Near the end, my sister and I had to assist him with basic physical needs — getting dressed, eating, going to the washroom. He always apologized and looked away when we did, ashamed of how dependent he’d become on others.
One of the last memories I have of him occurred hours before he died while my sister and I were helping him clean himself. He could no longer really speak and was in so much pain that he bit my left shoulder for some relief with all the strength he had left.
Days after he died, I would look at the bruise, shaped by his teeth marks, watching it change colours, almost wishing it wouldn’t fade away because it was all that was left. The physical closeness we experienced at the end gave us the opportunity to express the love and affection we weren’t able to when he was a healthy man. And so what I hold on to aren’t last words but last actions.
Sheima Benembarek is a writer in Toronto.
“Mom whirls around me now in a carousel of sensations.”
You had to remind yourself with Mom that she’d ever lost anything. When loss was around her, she answered it by dancing — not as a conscious defiance but as a reflex.
During the war years, with death in people’s mailboxes, Mom and her friends would cut it up at Montreal’s Victoria Hall to a sensational young piano player named Oscar Peterson. I suppose that’s what you throw back at the face of war.
With peace, she met a returning soldier, Gerry Mahoney. They married against the echoes of two atomic bombs. The kids came — a boy, a girl, a second boy, Keith. Keith got sick. At 10 months, he perished of pneumonia. Then four more kids, among them yours truly.
How do things happen so fast? Mom whirls around me now in a carousel of sensations: the smell of wet wool in the winter as she helped us out of snowsuits; her Cheshire grin over a good hand of cards; her “look” when we were bad. In 1966, her adored father died — that was the first time I saw Mom cry. But what I recall more was her face on the rides at La Ronde during Expo ’67. She took us to the amusement park every day.
In the early 1970s, my dad, a psychologist, experienced early onset dementia; he was just 60. Ten hard years followed, but they also brought weddings, grandchildren, careers, burning the mortgage on the house we grew up in, more weddings. Mom was always dancing. Then Dad died in 1983.
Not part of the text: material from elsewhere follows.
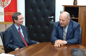 Progetti di collaborazione nei settori economici e dell'innovazione nonchè in quello della formazione fra Alto Adige ed Austria sono stati al centro del colloquio che nel tardo pomeriggio di oggi, martedì 13 settembre, si è svolto a Palazzo Widmanna Bolzano fra il presidente della Provincia, Luis Durnwalder, il presidente della Camera di Commercio austriaca, Christoph Leitl, accompagnato da stretti collaboratori e dal console generale austriaco a Milano, signora Eva Maria Ziegler, e dall'ambasciatore austriaco a Roma, Alfons Kloss.
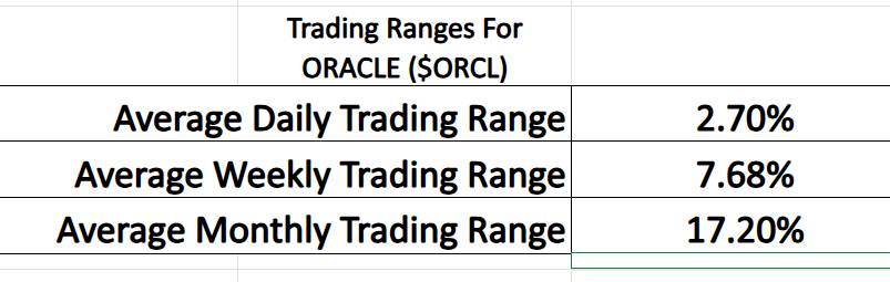 Here are the average trading ranges for $ORCL over the daily, weekly and monthly time frame:

In the 1990s, our beloved Uncle Edmund, Mom’s older brother, took his exit, then Mummum, Mom’s comical hurricane of a mother, at age 97. By now there were great grandchildren.
A year and a half ago, Mom fell. A seizure, then unconsciousness. In hospital, she came to for a short time. We six kids and several grandchildren took turns at her bedside. “I love you, Mom,” I said. She looked at me, engulfing me with her smile. “I love you, too.”
Then, my last words: “How do you feel, Mom?” She smiled again, I would say happily. Her beautiful eyes seemed bright and lively, almost dancing with a kind of wisdom. She answered slowly, “I . . . feel . . . greeeaaatt.” Soon after, she was gone.
Jeff Mahoney is a journalist in Hamilton.
This story first appeared in the March 2018 edition of The Observer with the title “Last Words.”